En Allemagne, la campagne électorale pour les législatives du 24 septembre n’a pas vraiment commencé mais Angela Merkel, à la chancellerie depuis douze ans, a trouvé un rival à sa hauteur. A peine nommé président du Parti social-démocrate (SPD) et désigné comme candidat à la chancellerie, Martin Schulz prend la tête dans les sondages. Si l’élection du chef du gouvernement allemand avait lieu au suffrage universel il remporterait 50% des suffrages contre 41% seulement pour Angela Merkel.
Dans un régime parlementaire, ce sont les scores des partis qui comptent. Mais là encore, l’arrivée de l’ancien président du Parlement européen sur la scène intérieure allemande a déjà eu des effets positifs pour le SPD. Dans le dernier baromètre de la première chaîne de télévision, les socio-démocrates gagnent 8 points par rapport au mois de janvier. Avec 28% des intentions de vote (si le scrutin avait lieu dimanche prochain), ils ne sont plus que 6 points derrière la démocratie-chrétienne (34%). Si c’est insuffisant pour détrôner Angela Merkel, c’est le signe d’une dynamique créée par le changement à la tête du SPD.
L’ancien chef du parti, Sigmar Gabriel, a tiré les leçons de son échec à bénéficier de sa participation à la grande coalition. Dans une déclaration qui ressemblait presque mot pour mot à celle de François Hollande renonçant à se présenter à l’élection présidentielle, il a admis être un obstacle à un succès de son camp aux prochaines élections. Martin Schulz n’a pas le même handicap. Sa carrière politique l’a mené directement de la mairie de la petite ville de Würselen, en Rhénanie-Westphalie, au parlement européen. Il peut critiquer Angela Merkel sans se voir rétorquer que pendant cinq ans il a partagé la responsabilité de la politique gouvernementale. Le paradoxe est même que le SPD a réussi à imposer nombre de ses revendications (salaire minimum, abaissement de l’âge de la retraite, parité homme-femme, PACS, etc.) sans en tirer de bénéfice électoral.

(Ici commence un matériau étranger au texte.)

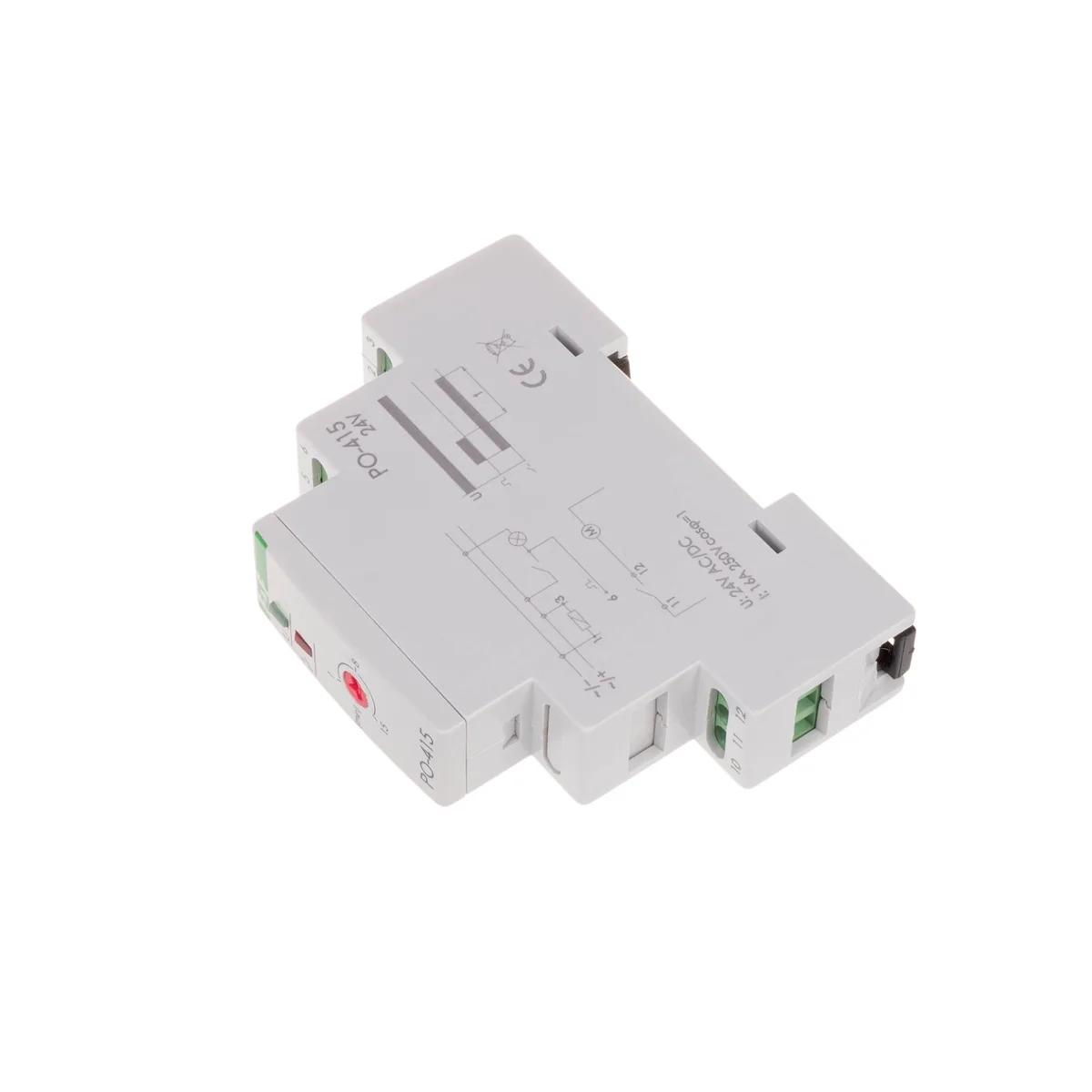 Podanie napięcia sterującego S na przekaźnik powoduje jego zadziałanie i załączenie napięcia na sterowanym odbiorniku. Po zaniku napięcia sterującego działanie odbiornika jest podtrzymywane przez czas podtrzymania t (nastawiany potencjometrem). Po czasie t wyłączenie sterowanego odbiornika nastąpi automatycznie. W przypadku ponownego podania napięcia sterującego S przed upływem nastawionego czasu przekaźnik realizuje swoją funkcje pracy od początku.

Martin Schulz est poussé par un mouvement qui étonne les observateurs. Sans appartenir à une nouvelle génération d’hommes politiques, il est soutenu par les jeunes. Bien que plus âgé qu’Angela Merkel, il incarne le renouveau. Au Parlement européen, il a montré qu’il n’hésitait pas à affronter la droite populiste, en pleine expansion en Allemagne. Sans être un « gauchiste », il laisse ouverte la possibilité d’une coalition rouge-rouge-verte, avec la gauche radicale Die Linke et les Verts.
Dans l’état actuel des forces, une telle coalition, à supposer qu’elle soit politiquement réaliste, n’aurait pas de majorité au Bundestag. Le chemin vers la chancellerie est donc encore long. D’autant que le Parti social-démocrate doit affronter au printemps trois élections régionales cruciales avec le renouvellement du Bundestag à l’automne. Ce seront trois tests pour le nouveau candidat-chancelier. S’il les passe avec succès, notamment en Rhénanie-Westphalie, vieille terre social-démocrate, Martin Schulz pourra donner raison à Angela Merkel. La chancelière qui brigue un quatrième mandat disait depuis longtemps que cette élection serait la plus difficile.